■ **Task item**: Every line below from the one with "Happy Nappers: Pillow" through the one with "Brýle bez obrouček" is to be repeated exactly, with no picture among them.

+ + + + + + +

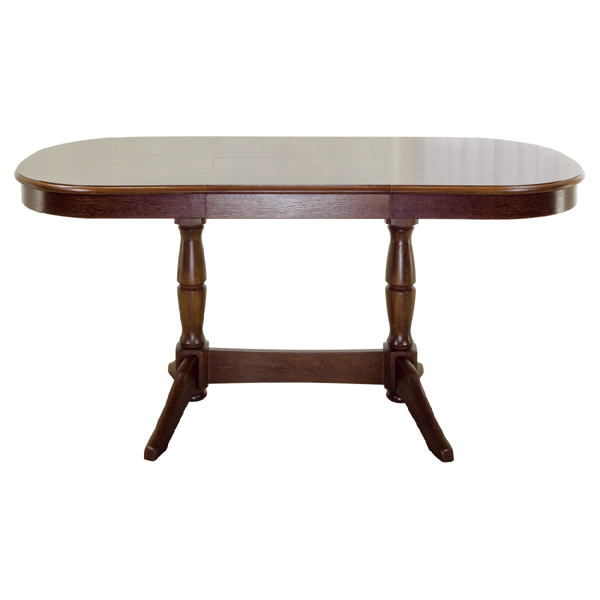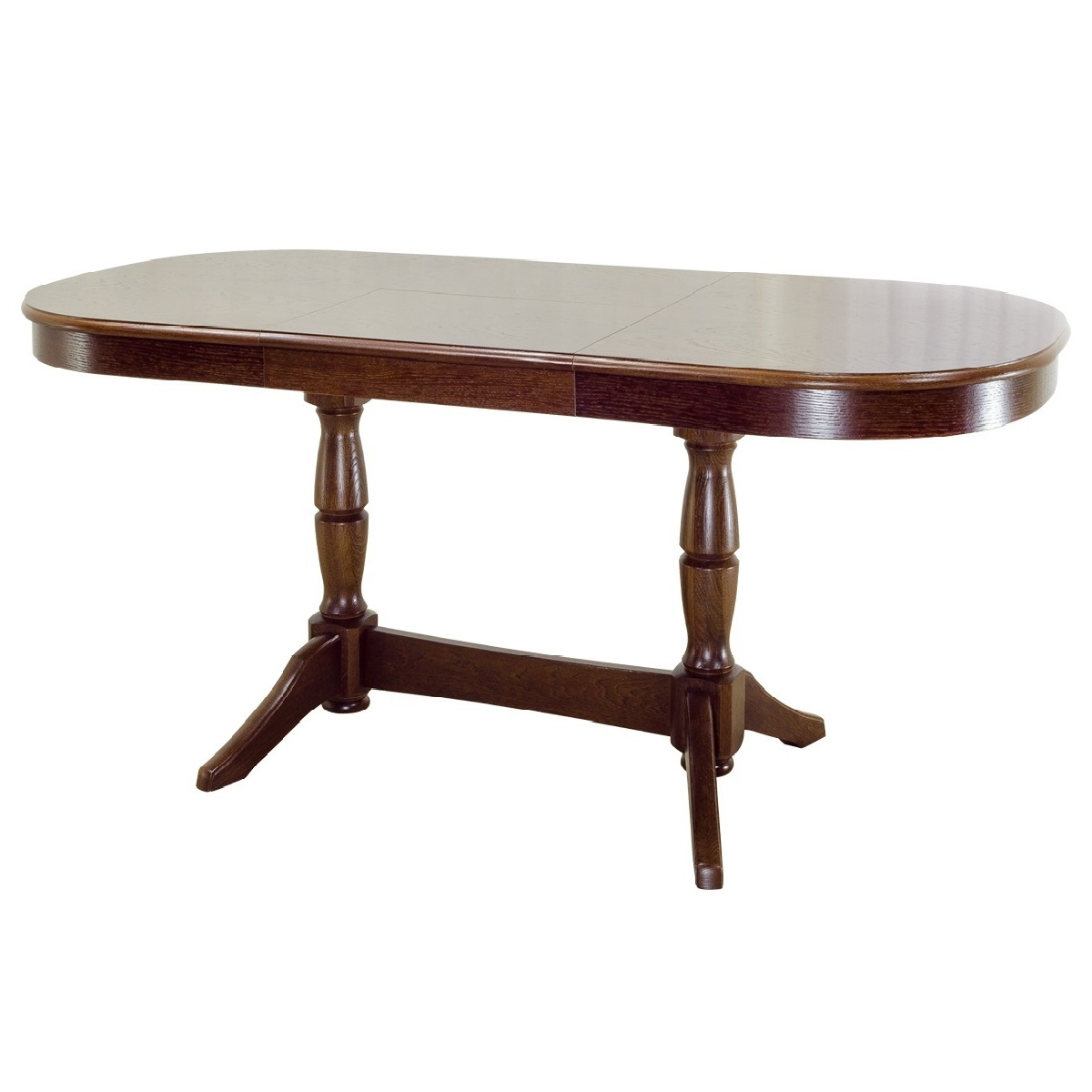 Эта модель оборудована столешницей овальной формы, плавные линии которой добавляют в интерьер элегантности и благородства. С помощью специальной вставки размер стола легким движением руки может увеличиваться на 50 см и так же просто возвращаться в исходное положение. Оригинальность изделия обеспечивают две фигурные округлые ножки, соединенные перекладиной и переходящие в широкие и устойчивые раздвоенные лапы. Классическое исполнение изделия, его сдержанный и респектабельный внешний вид позволят разместить стол в комнатах с любым интерьером.
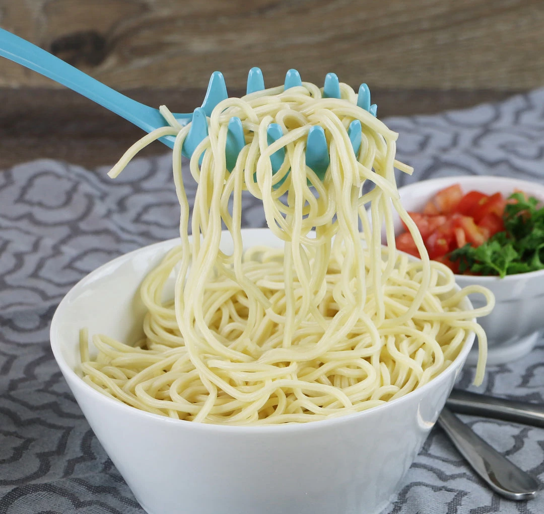 This colorful spaghetti fork is made of melamine (plastic) and can be used in any type of cookware since it will not scratch or damage pots or pans.
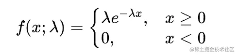 指数分布是泊松点过程中事件之间时间的概率分布。指数分布的概率密度函数如下:
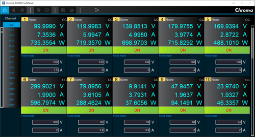 62000E系列機(jī)型提供可遠(yuǎn)程、多通道實時監(jiān)控的用戶圖形化操作軟件Softpanel,工程人員可輕易地進(jìn)行自動程序步階控制(100個步階停留時間,范圍為10ms-65535s),以控制設(shè)備的輸出電壓、電流與自動化測試應(yīng)用的I/O訊號輸出,并可進(jìn)行長時間之量測與紀(jì)錄數(shù)據(jù),特別適用于車用組件長時間、周期性的壽命測試,且有助于產(chǎn)品的質(zhì)量控管與分析。
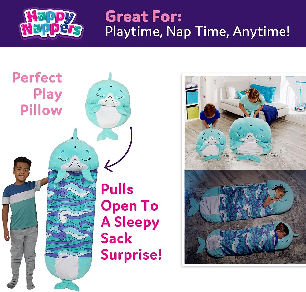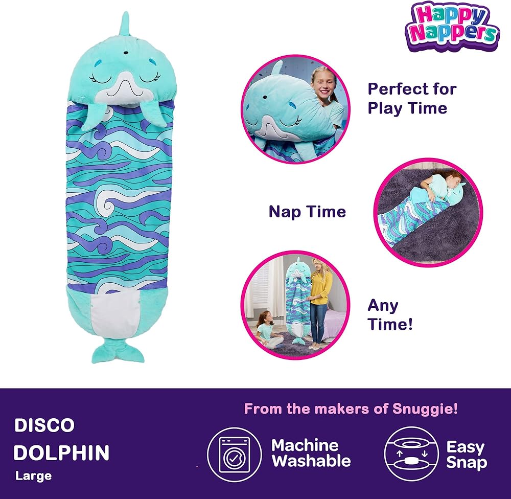 Happy Nappers: Pillow & Sleepy Sack: Large - Dolphin Disco - 66 x 30, 2-in-1: Plush Animal Opens to Sleeping Bag, Soft Play & Nap Character, Kids 3+
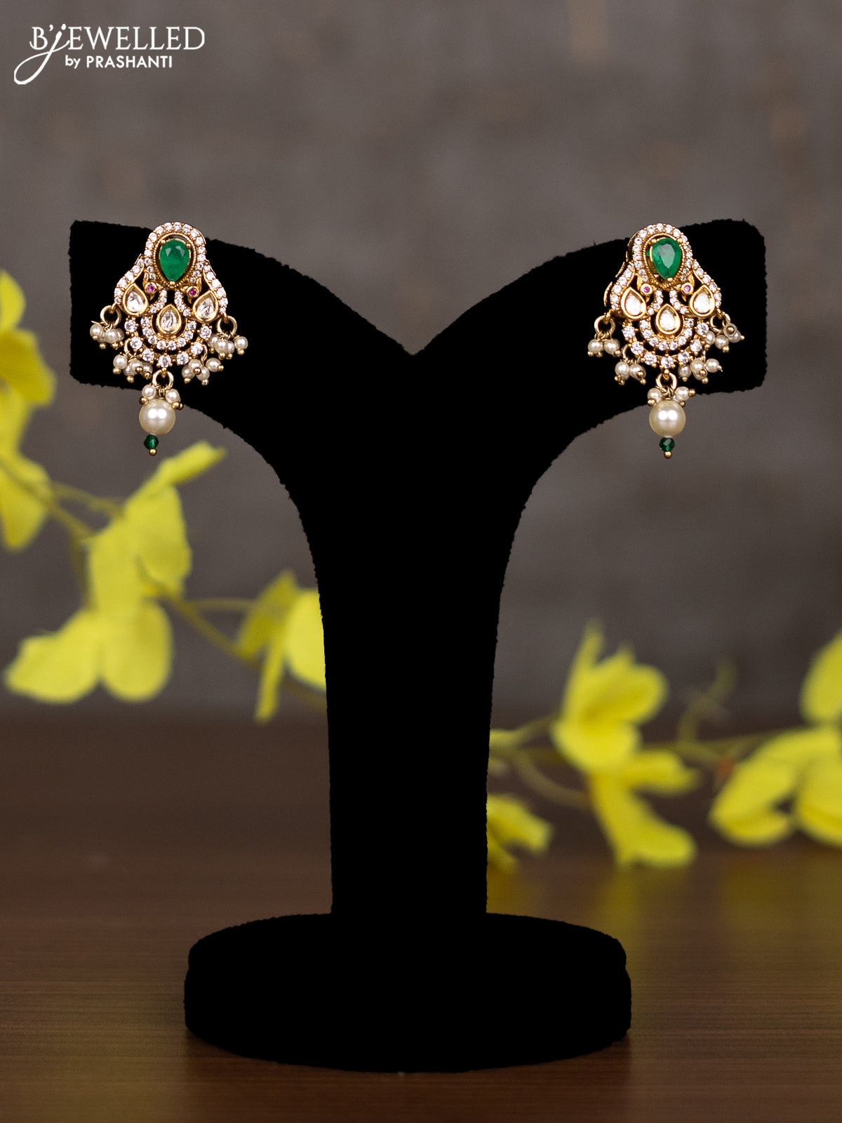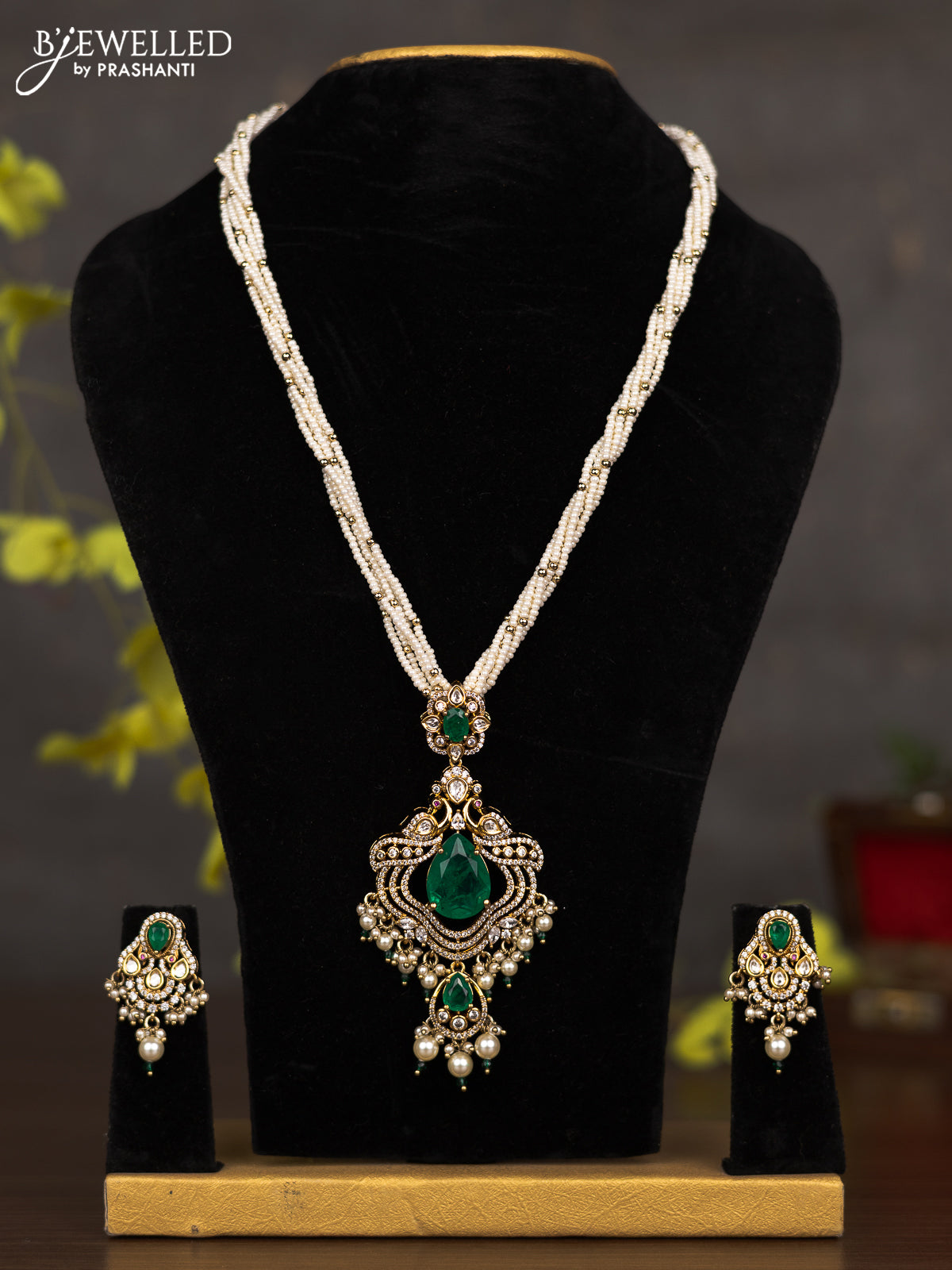 Pearl necklace with emerald & cz kundan stones and pearl hangings
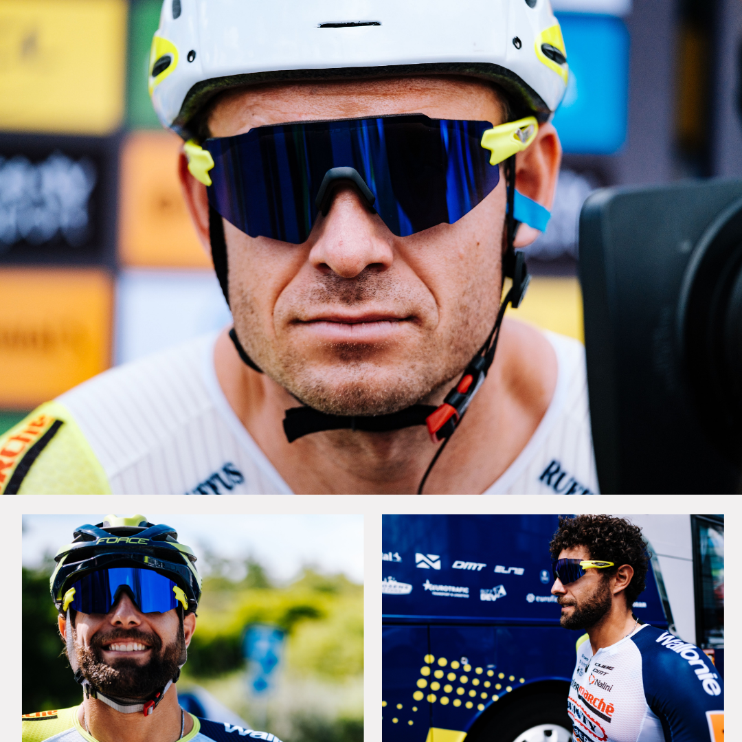 Brýle bez obrouček jsou v profesionálním pelotonu oblíbené a jsme rádi, že nyní můžeme jezdcům tyto brýle poskytnout. Standartem je pak hydrofobická úprava H2FOBI, která zvyšuje odpudivost vody a nečistot a navíc zabraňuje poškrábání skel. Úprava ANTI-FOG pak zabraňuje zamlžování skel. Obroučky v týmových barvách jsou samozřejmostí. Doplnili jsme je o modrá zrcadlová skla a také o fotochromatická.
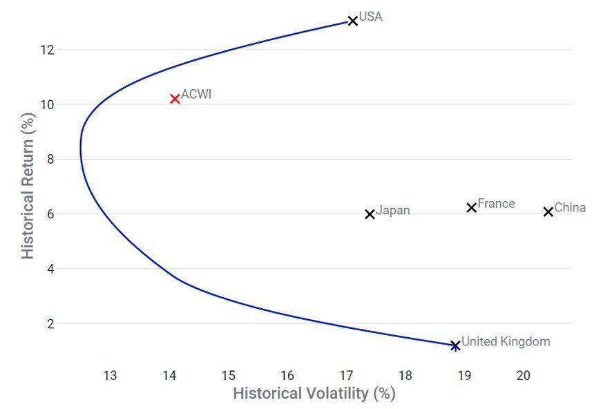 Efficient frontier with country allocations. Data from Jan. 1, 2014, to Nov. 30, 2021. Gross returns in USD. The five countries on average accounted for 74% of the weight in the MSCI ACWI Index.
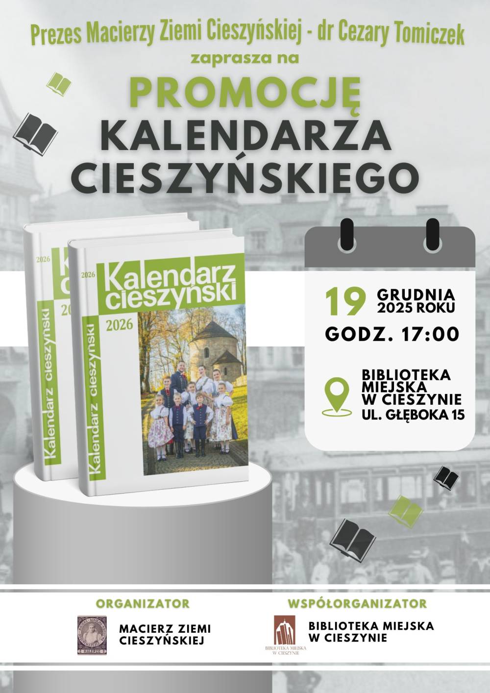 Zapraszamy na promocję Kalendarza Cieszyńskiego 2026, która odbędzie się 19 grudnia 2025 r. w Bibliotece Miejskiej w Cieszynie.
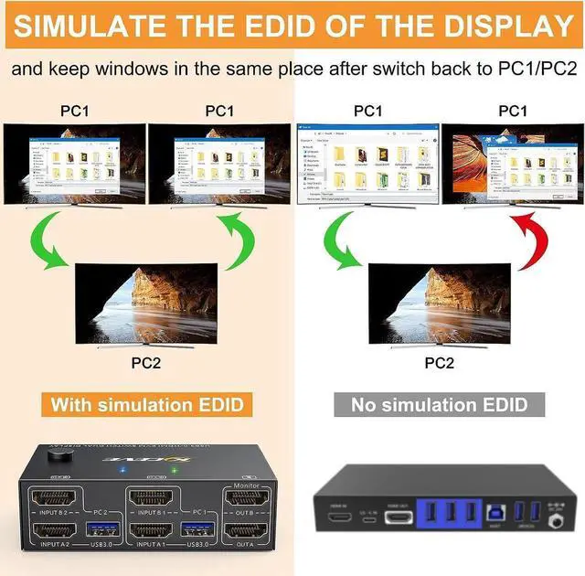 USB 3.0 KVM Switch with EDID emulators in each input port, keep computers always having correct display information when switch back.
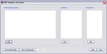 Помічник є інструментом для розв’язання ODE зі зручним інтерфейсом типу «point-and-click» («вказав та клацнув»). Він має назву ODE Analyzer, є аналогом команди dsolve, яку розглянемо наступним пунктом, та викликається з головного меню: Tools → Assistants → ODE Analyzer. Вигляд головного вікна помічника показаний на рис. 2.1. Воно містить три головні поля:
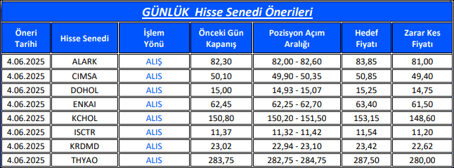 ➢ Önerilerin geçerlilik süresi raporda verilen tarihle sınırlıdır. Verilen tarih içinde hedef ve stop seviyesine ulaşmayan hisseler öneri bitiş tarihindeki kapanış fiyatından kapatılmış sayılır ve bunlar için ek bir bildirim yapılmaz.
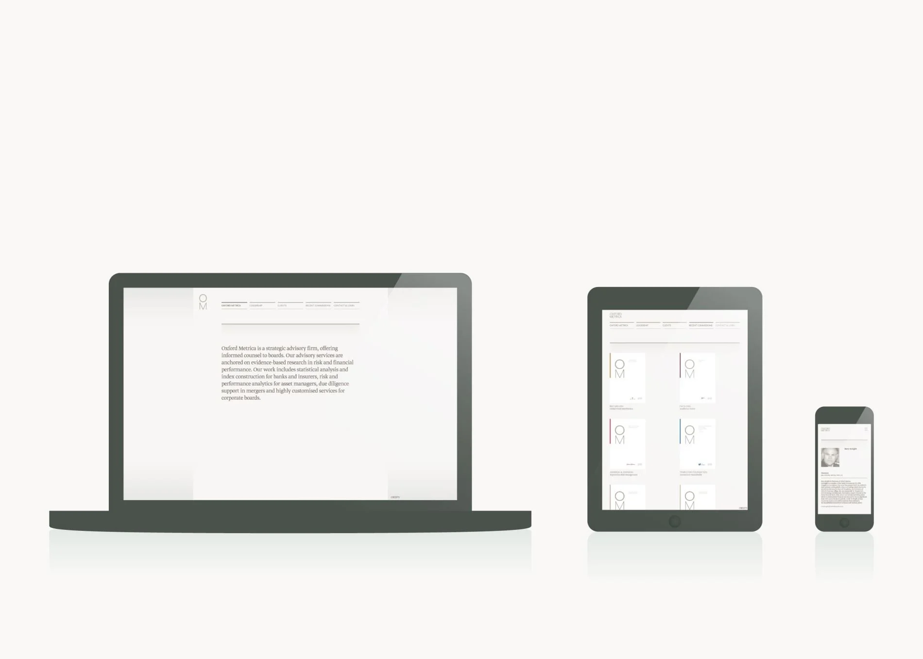 Oxford Metrica's logo design, brand identity, and editorial design system were crafted in collaboration with studio FM milano in 2014. This reimagined identity builds upon a previous iteration, with a concept deeply intertwined with the core operations of the strategic advisory firm. It centres around statistical analysis, index construction for banks and insurers, as well as risk and performance analytics for asset managers.
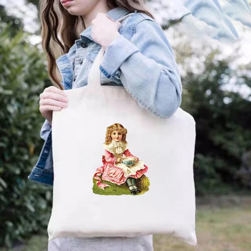 This European Baby Shoulder Bag features a beautiful Renaissance oil painting pattern, perfect for shopping or everyday use. Made of durable canvas material, this portable pouch is foldable and convenient to carry.
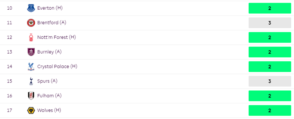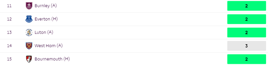 Couple this with the fact that each of the first 3 matches of Brighton has an FDR of 2.
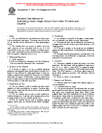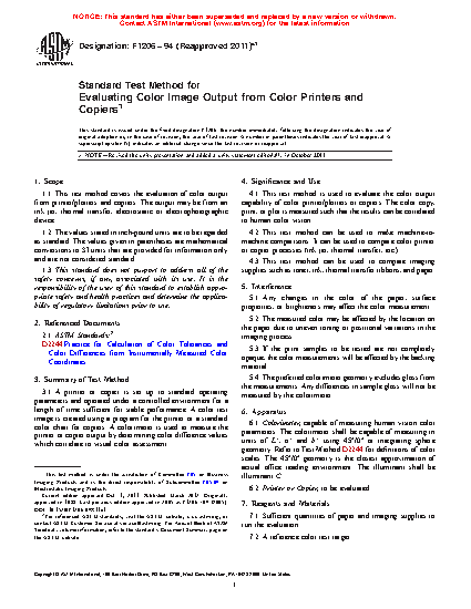 This test method is used to evaluate the color output capability of color printer/plotters or copiers. The color copy, print, or plot is measured such that the results can be correlated to human color vision.
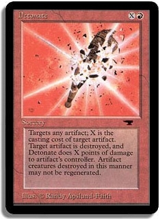 Bury target artifact. Detonate deals X damage to the artifact's controller, where X is the casting cost of the artifact.
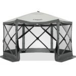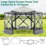 Spacious and Comfortable — This 12 x 12-foot screen tent for camping has plenty of room for up to 10 people and furniture, with a high ceiling that provides ample headroom. This screened in canopy with hub design Pop-up structure frame, very easy to set up and take down in 40 seconds.

+ + + + + + +

■ **Problem solution**:
 Happy Nappers: Pillow & Sleepy Sack: Large - Dolphin Disco - 66 x 30, 2-in-1: Plush Animal Opens to Sleeping Bag, Soft Play & Nap Character, Kids 3+
 Pearl necklace with emerald & cz kundan stones and pearl hangings
 Brýle bez obrouček jsou v profesionálním pelotonu oblíbené a jsme rádi, že nyní můžeme jezdcům tyto brýle poskytnout. Standartem je pak hydrofobická úprava H2FOBI, která zvyšuje odpudivost vody a nečistot a navíc zabraňuje poškrábání skel. Úprava ANTI-FOG pak zabraňuje zamlžování skel. Obroučky v týmových barvách jsou samozřejmostí. Doplnili jsme je o modrá zrcadlová skla a také o fotochromatická.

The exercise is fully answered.